Without any of the pictures, transcribe all the lines below exactly.

EXERCISE DATA:
------------------------------------------------------------

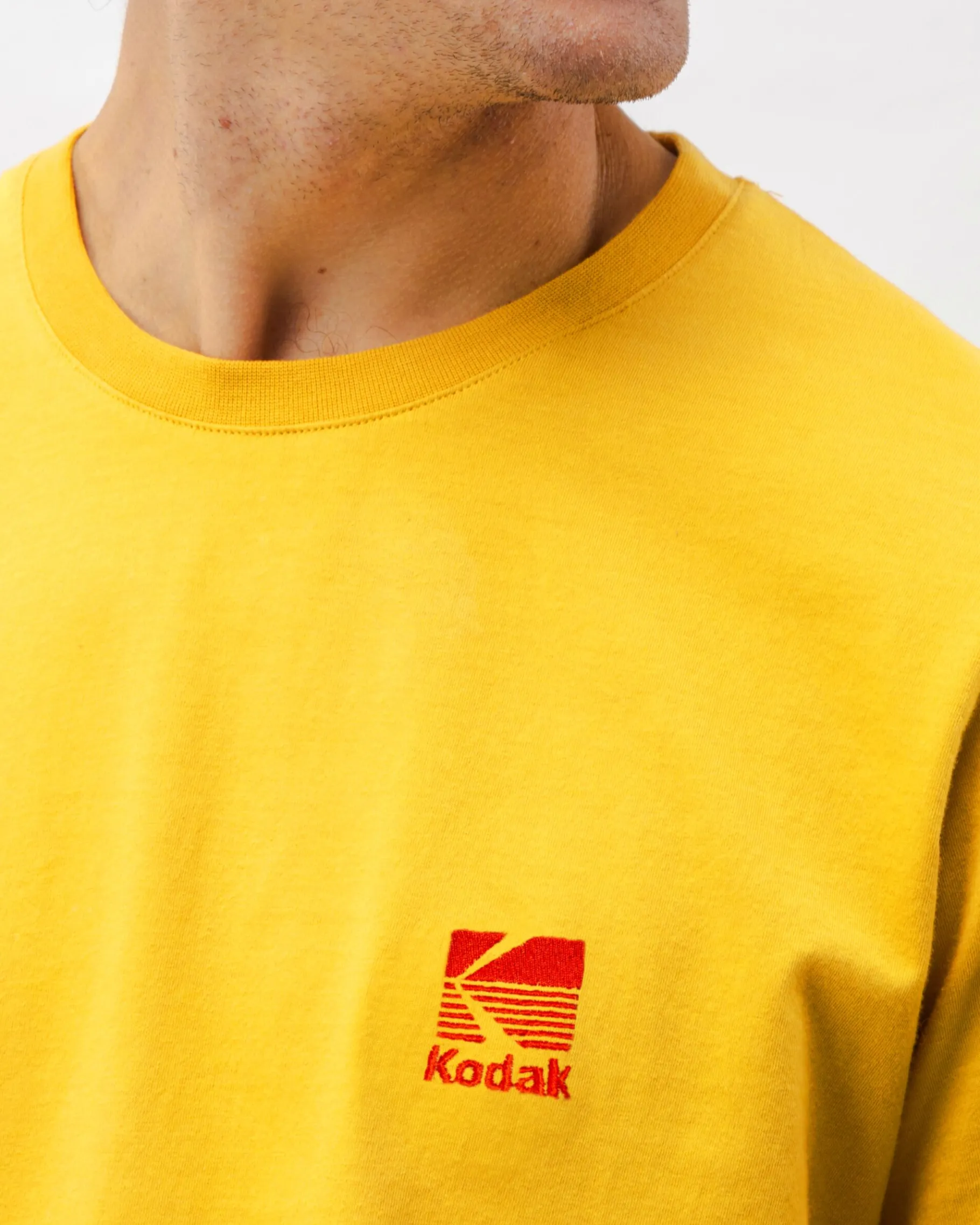 Regular Fit T-Shirt mit einer Kodak-Stickerei. Es hat einen ovalen Ausschnitt. Ethisch hergestellt aus biologischer Baumwolle.| Waschhinweise
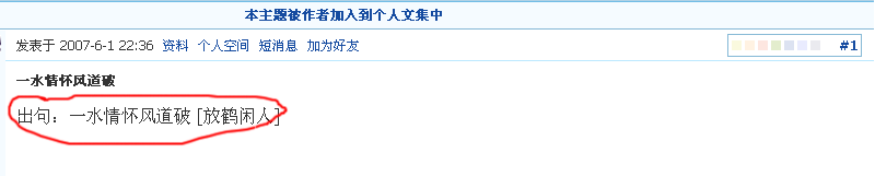 第八步,点击贴子进入后,出现以下界面,那么,我们可以把这个出句:一水情怀风道破 [放鹤闲人]给复制起来,然后拉到网页的最下面
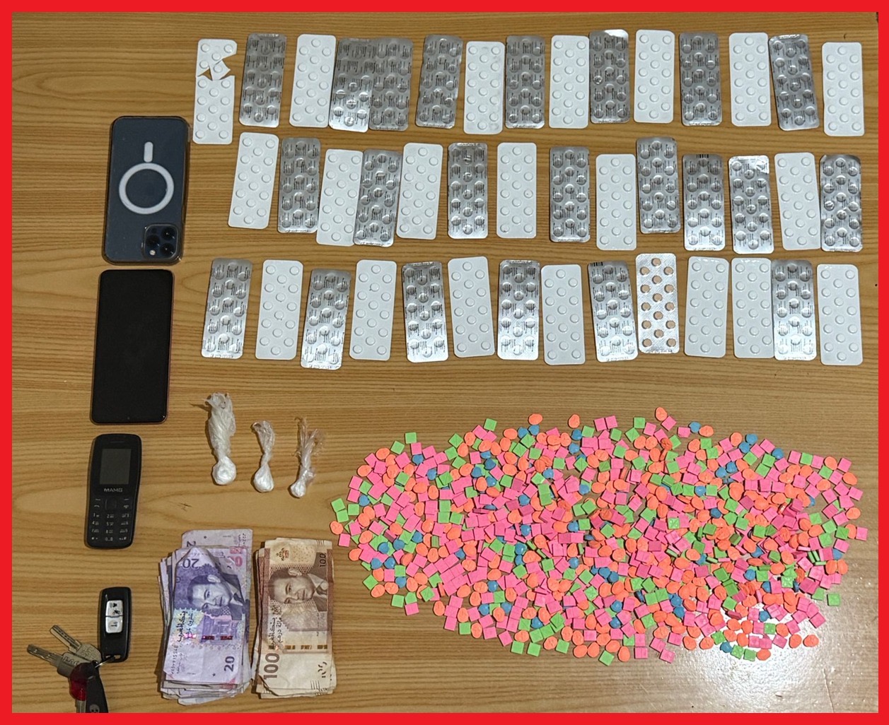 وقد جرى توقيف المشتبه فيهم بأحد أحياء مدينة سلا، وهم في حالة تلبس بحيازة وترويج المخدرات، حيث أسفرت عملية التفتيش عن العثور بحوزتهم على 1279 قرصا مخدرا، من بينها 1004 قرصا مهلوسا من نوع “إكستازي” و275 قرصا طبيا مخدرا من نوع “ريفوتريل”.

------------------------------------------------------------

SOLUTION TO THE PROBLEM:
 Regular Fit T-Shirt mit einer Kodak-Stickerei. Es hat einen ovalen Ausschnitt. Ethisch hergestellt aus biologischer Baumwolle.| Waschhinweise
 第八步,点击贴子进入后,出现以下界面,那么,我们可以把这个出句:一水情怀风道破 [放鹤闲人]给复制起来,然后拉到网页的最下面
 وقد جرى توقيف المشتبه فيهم بأحد أحياء مدينة سلا، وهم في حالة تلبس بحيازة وترويج المخدرات، حيث أسفرت عملية التفتيش عن العثور بحوزتهم على 1279 قرصا مخدرا، من بينها 1004 قرصا مهلوسا من نوع “إكستازي” و275 قرصا طبيا مخدرا من نوع “ريفوتريل”.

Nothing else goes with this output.